··· DATA PROVIDED ···

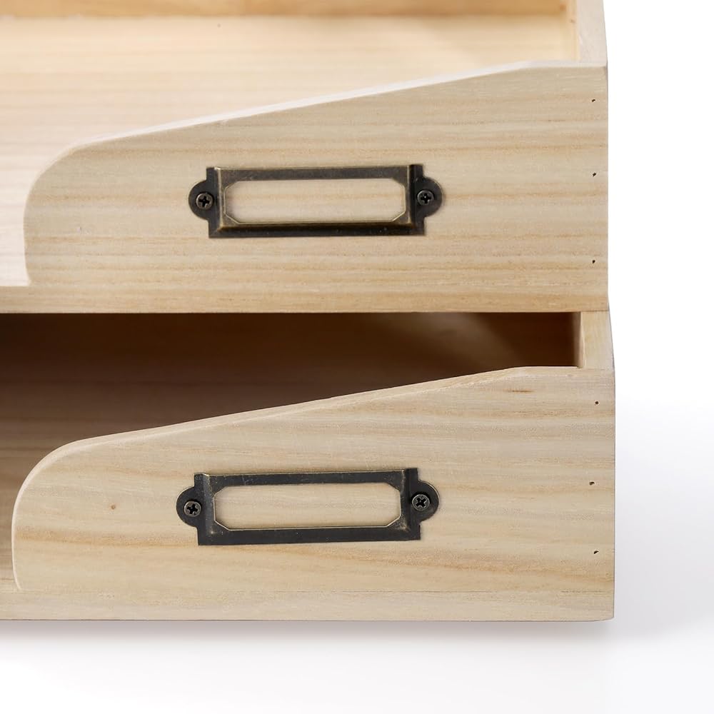 Fasmov 2 علبة خشبية بحجم الحروف، صينية مكتب منظم رسائل مكتب قابلة للتكديس، منظم صينية الورق لتنظيم سطح المكتب مع حامل بطاقة تسمية معدنية، حامل مجلد ملفات سطح المكتب الخشبي
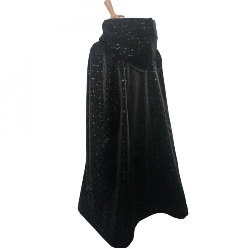 J'ai choisi une base trapèze avec de longues manches, une capuche et des poches. Cet imperméable noir est bien couvrant pour garder le haut des jambes au sec. Il se ferme par une rangée de boutons pression noirs sur l'avant.
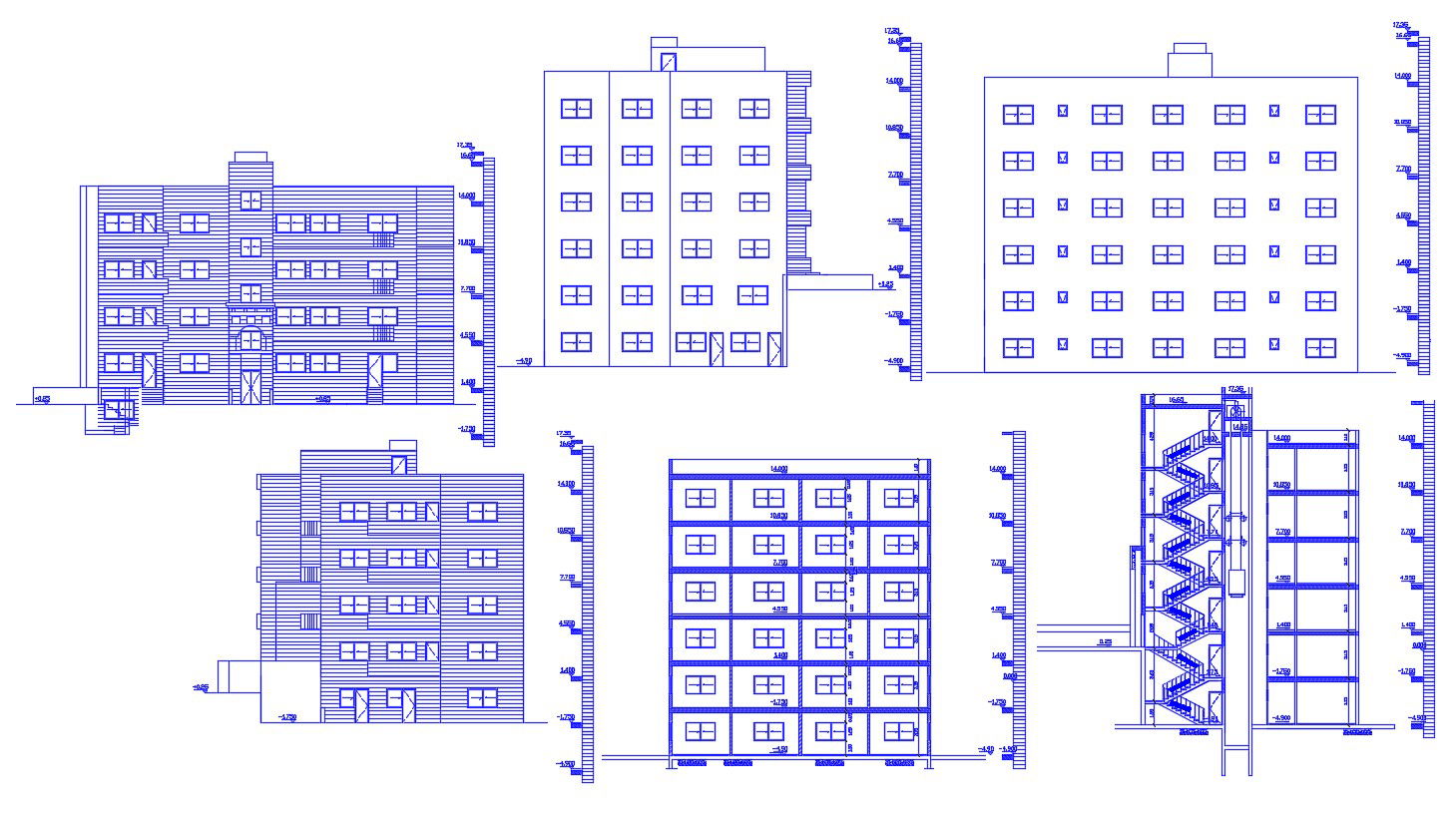 Apartment Building Section And Elevation Design AutoCAD Drawing
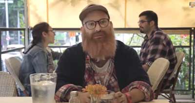 The vignette casting Jewish Home party leader Naftali Bennett in the role of a Tel Aviv hippie apologizing for merely walking down the street, the first video of his “Stop Apologizing” series that opposes perceived left-wing appeasement. Credit: YouTube screenshot via Naftali Bennett.

···

* _WORK TASK_
Retype the lines above exactly as they appear, from the line containing "J'ai choisi une" through the line containing "Apartment Building Section", and leave out any pictures.

* _TASK ANSWER_
 J'ai choisi une base trapèze avec de longues manches, une capuche et des poches. Cet imperméable noir est bien couvrant pour garder le haut des jambes au sec. Il se ferme par une rangée de boutons pression noirs sur l'avant.
 Apartment Building Section And Elevation Design AutoCAD Drawing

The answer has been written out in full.